#### WHAT IS EXPECTED:
The listing below is to be written out word for word, minus its images.

#### SOURCE MATERIAL:
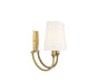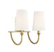 Bring the understated, classic beauty of the Savoy House Cameron 2-light bath bar into your home to create a thoughtful accent in any bathroom. This vanity light features slender, dramatically-curving arms topped with tall, tapered white fabric shades, ensuring a flattering glow. The faceted backplate adds another dimension of style, too. Finished in warm brass. This fixture is 15" wide and 12" tall. It extends 8" from the wall. Uses 2 candelabra size bulbs of up to 40 watts each (not included).
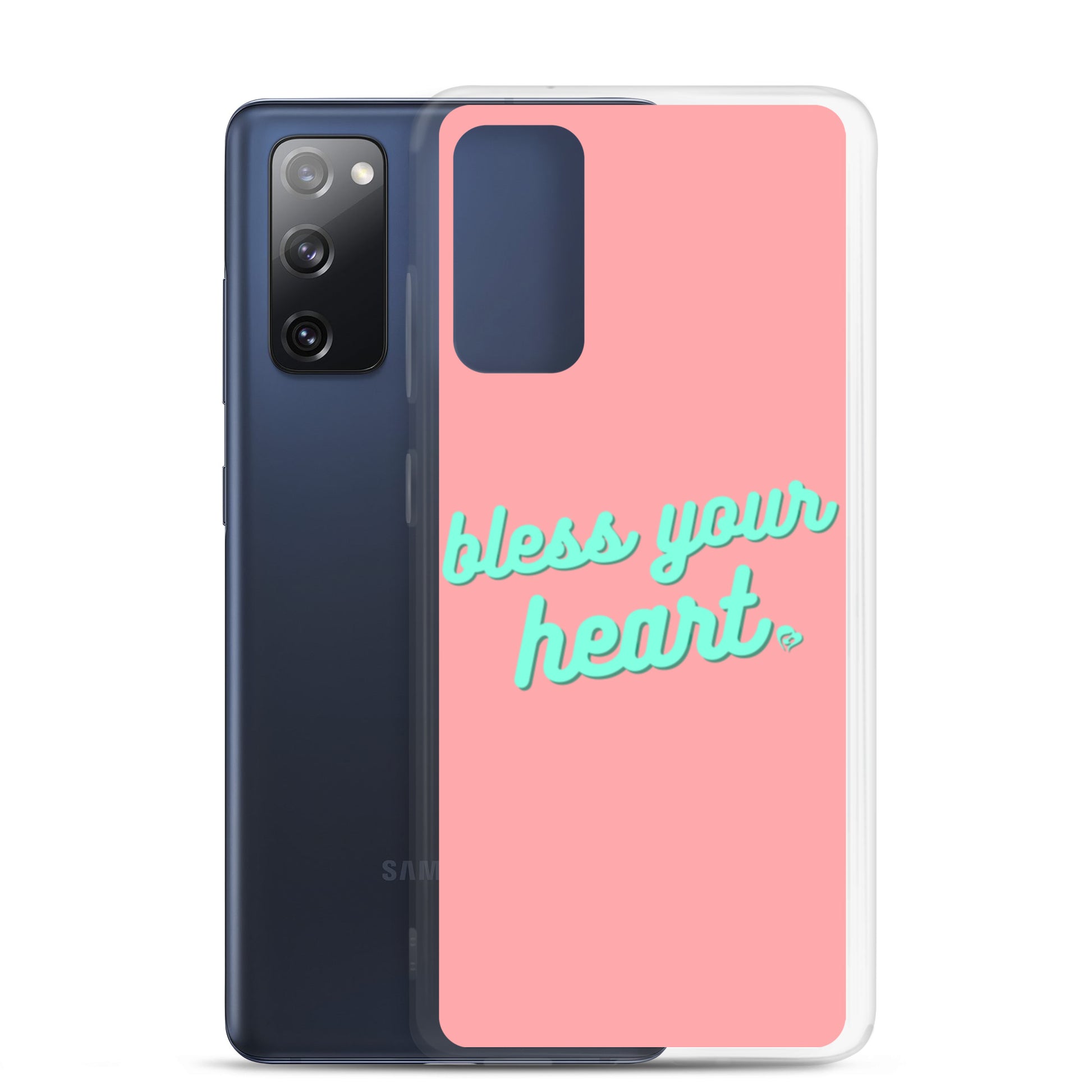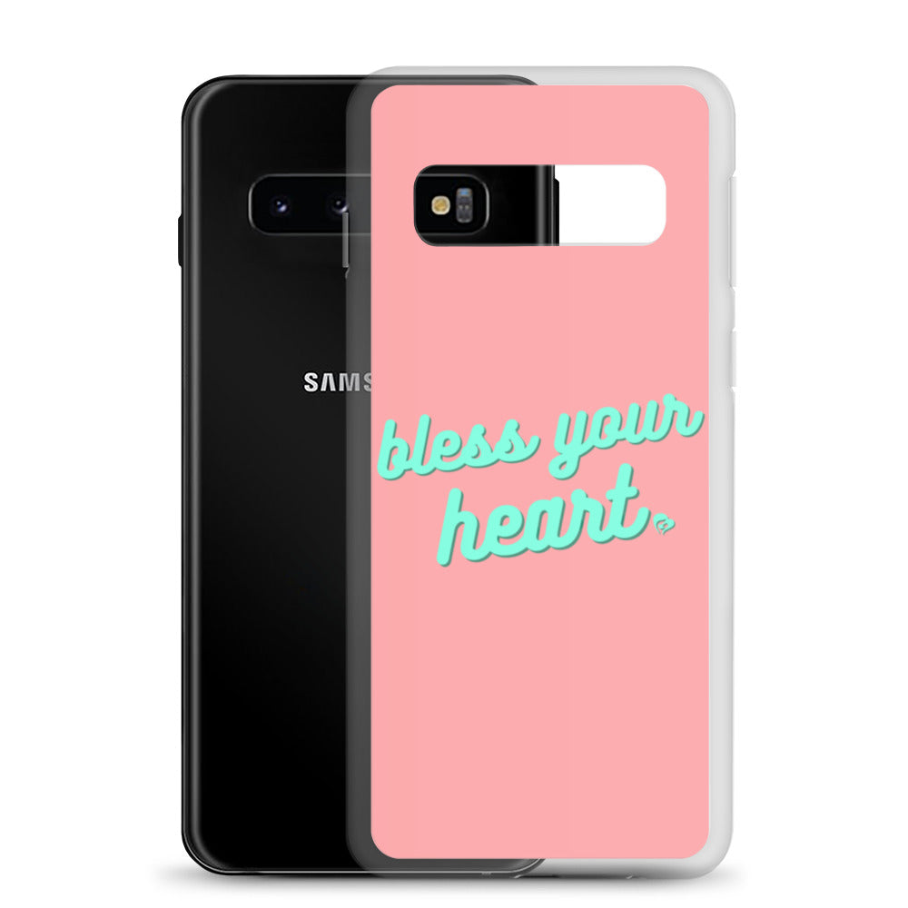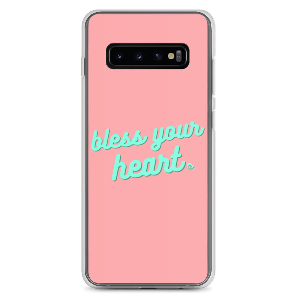 This sleek Samsung case protects your phone from scratches, dust, oil, and dirt. The bless your heart southern saying has a retro feel and really pops on the coral background. It has a solid back and flexible sides that make it easy to take on and off, with precisely aligned cuts and holes. It is a BPA-free hybrid thermoplastic polyurethane and polycarbonate material. Wireless charging capable.
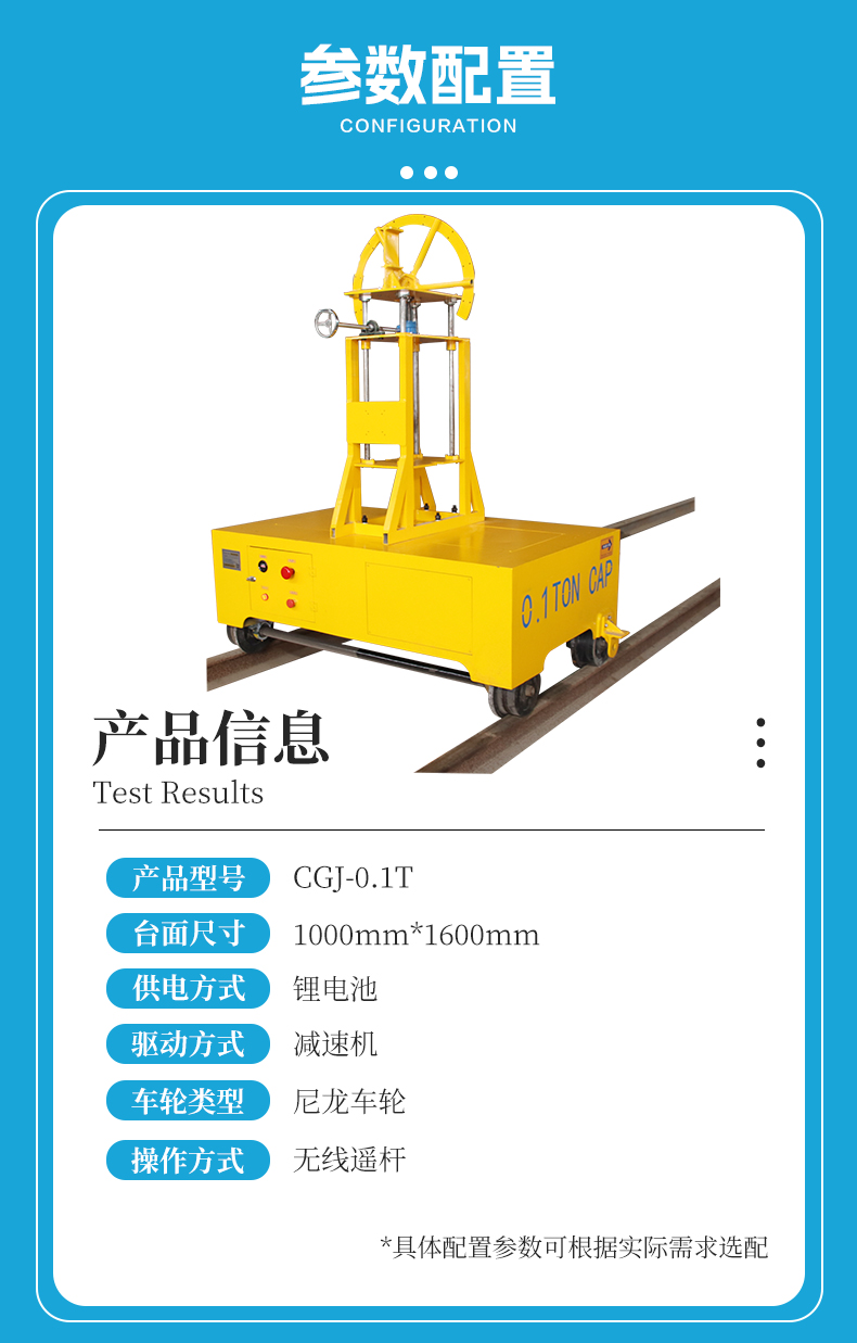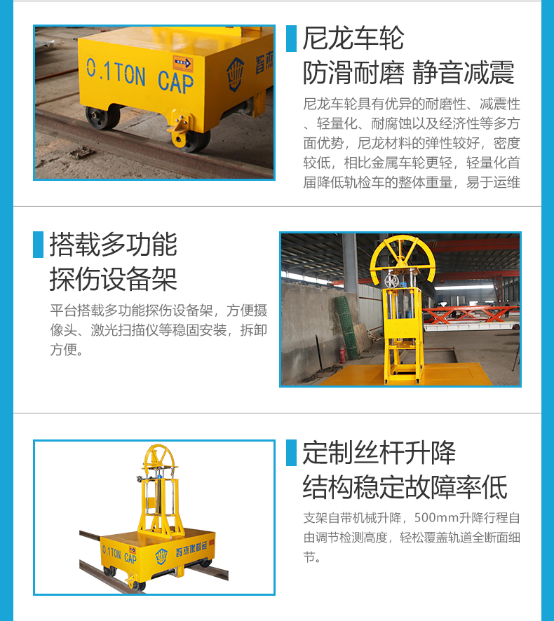 专为地铁轨道巡检场景设计,1米*1.6米紧凑车身轻松应对狭窄空间,车架采用铝合金材质兼顾轻量化与高强度,整车模块化设计可快速拆装,运输部署灵活便捷,大幅降低运维人力成本。平台定制可搭载多功能探伤设备支架,支持摄像头、激光扫描仪等仪器稳固安装,支架自带机械升降,500mm升降行程自由调节检测高度,轻松覆盖轨道全断面细节,无极调速启停平稳,内置高能锂电池组,可满足3小时续航需求,无线遥控操作简单方便,
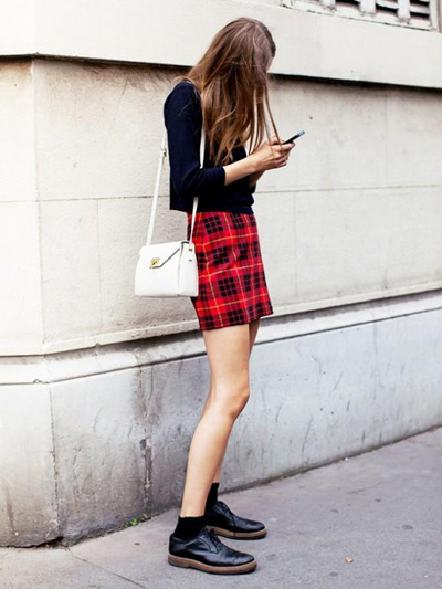 红色的苏格兰纹也是打造秋冬街头经典Look的必备常客。简单的搭配黑色牛津鞋和小毛衣,就要这不刻意的潇洒。

#### FINISHED TASK:
 Bring the understated, classic beauty of the Savoy House Cameron 2-light bath bar into your home to create a thoughtful accent in any bathroom. This vanity light features slender, dramatically-curving arms topped with tall, tapered white fabric shades, ensuring a flattering glow. The faceted backplate adds another dimension of style, too. Finished in warm brass. This fixture is 15" wide and 12" tall. It extends 8" from the wall. Uses 2 candelabra size bulbs of up to 40 watts each (not included).
 This sleek Samsung case protects your phone from scratches, dust, oil, and dirt. The bless your heart southern saying has a retro feel and really pops on the coral background. It has a solid back and flexible sides that make it easy to take on and off, with precisely aligned cuts and holes. It is a BPA-free hybrid thermoplastic polyurethane and polycarbonate material. Wireless charging capable.
 专为地铁轨道巡检场景设计,1米*1.6米紧凑车身轻松应对狭窄空间,车架采用铝合金材质兼顾轻量化与高强度,整车模块化设计可快速拆装,运输部署灵活便捷,大幅降低运维人力成本。平台定制可搭载多功能探伤设备支架,支持摄像头、激光扫描仪等仪器稳固安装,支架自带机械升降,500mm升降行程自由调节检测高度,轻松覆盖轨道全断面细节,无极调速启停平稳,内置高能锂电池组,可满足3小时续航需求,无线遥控操作简单方便,
 红色的苏格兰纹也是打造秋冬街头经典Look的必备常客。简单的搭配黑色牛津鞋和小毛衣,就要这不刻意的潇洒。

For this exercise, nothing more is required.